まず食生活についてですが、栄養バランスの取れた食事を心がけることで、ホルモンバランスの安定や免疫力の維持が期待できます。過剰なカフェインやアルコール、脂質の多い食事は避け、ビタミンB群や葉酸、鉄分を意識的に摂取すると良いでしょう。妊活中はサプリメントの摂取も検討されますが、信頼できる製品を選び、必要に応じて医師に相談することが望ましいです。

睡眠

睡眠もホルモンの調整に欠かせない要素です。十分な睡眠時間を確保し、就寝時間と起床時間を一定に保つことで、自律神経が整い、胃腸の働きも良くなります。また、深夜までスマホやパソコンの光を浴びているとメラトニンの分泌が抑制され、睡眠の質が下がってしまいます。寝る1時間前は画面を見ないなど、入眠環境の工夫も大切です。

ストレス管理

さらに、ストレスの管理も重要です。妊活中はどうしても「結果」にとらわれて心身に負担がかかりやすくなります。必要以上に情報に振り回されることなく、自分のペースを大切にすること。好きな趣味に没頭する時間や、リラックスできる音楽を聴く時間など、心が休まる時間を持つことが体にも良い影響を与えます。

妊娠の可能性がある時期には、服用する薬にも注意が必要です。風邪薬や胃薬のなかには妊娠初期に影響を与える可能性のある成分が含まれていることがあるため、必ず医師や薬剤師と相談しながら使用することが推奨されます。


よくある質問(FAQ)

妊娠かもしれないと思ったときに、多くの方が感じる疑問についてお答えします。

胃がムカムカして気持ち悪いとき、それだけで妊娠を疑ってよいのか?

吐き気だけでは判断できませんが、同時に生理の遅れや体温の上昇、胸の張りなど複数の兆候が見られる場合は、妊娠の可能性を考えてよいでしょう。単独の症状ではなく、他の変化と合わせて観察することがポイントです。

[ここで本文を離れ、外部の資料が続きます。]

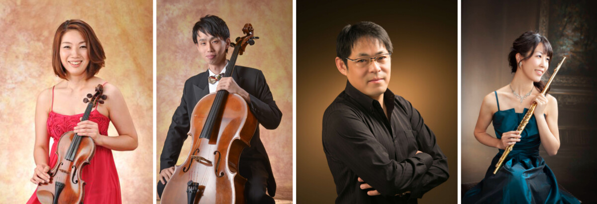 「響ホール室内合奏団」プロデュースによるヴァイオリン、チェロ、ピアノ、フルートの奏でるハーモニーを楽しめます。演奏者は加来洋子さん(ヴァイオリン)、中村充さん(チェロ)、山根浩志さん(ピアノ)、籾山仁美さん(フルート)。
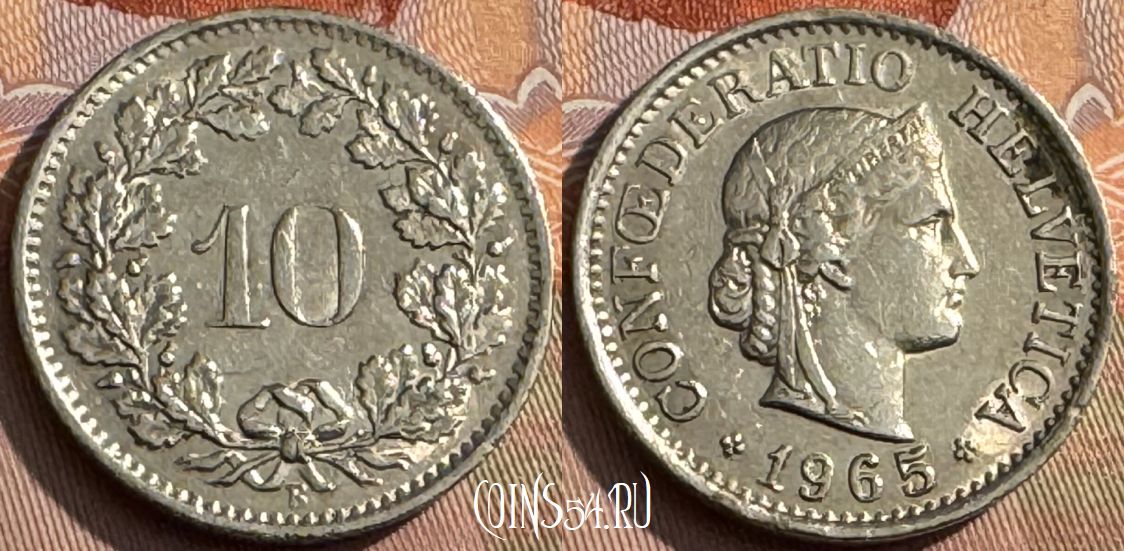 Швейцария 10 раппенов 1965 года, KM# 27, 386s-070

妊娠しているかもしれないけれど市販薬を飲んでも大丈夫か?

自己判断で薬を飲むのは避けた方がよいでしょう。とくに解熱鎮痛剤や胃薬には妊娠初期に影響を与える成分が含まれていることがあるため、使用する前に必ず医師や薬剤師に相談することが大切です。

妊娠初期の症状と風邪の症状はどう見分けるのか?

両者には共通する症状が多いため、完全に見分けるのは難しいですが、風邪には咳や喉の痛みといった呼吸器系の症状が伴うことが多く、妊娠初期ではそういった症状が出ないことが一般的です。また、妊娠では微熱が続いても悪化しにくく、喉の腫れや鼻水などが目立たない傾向があります。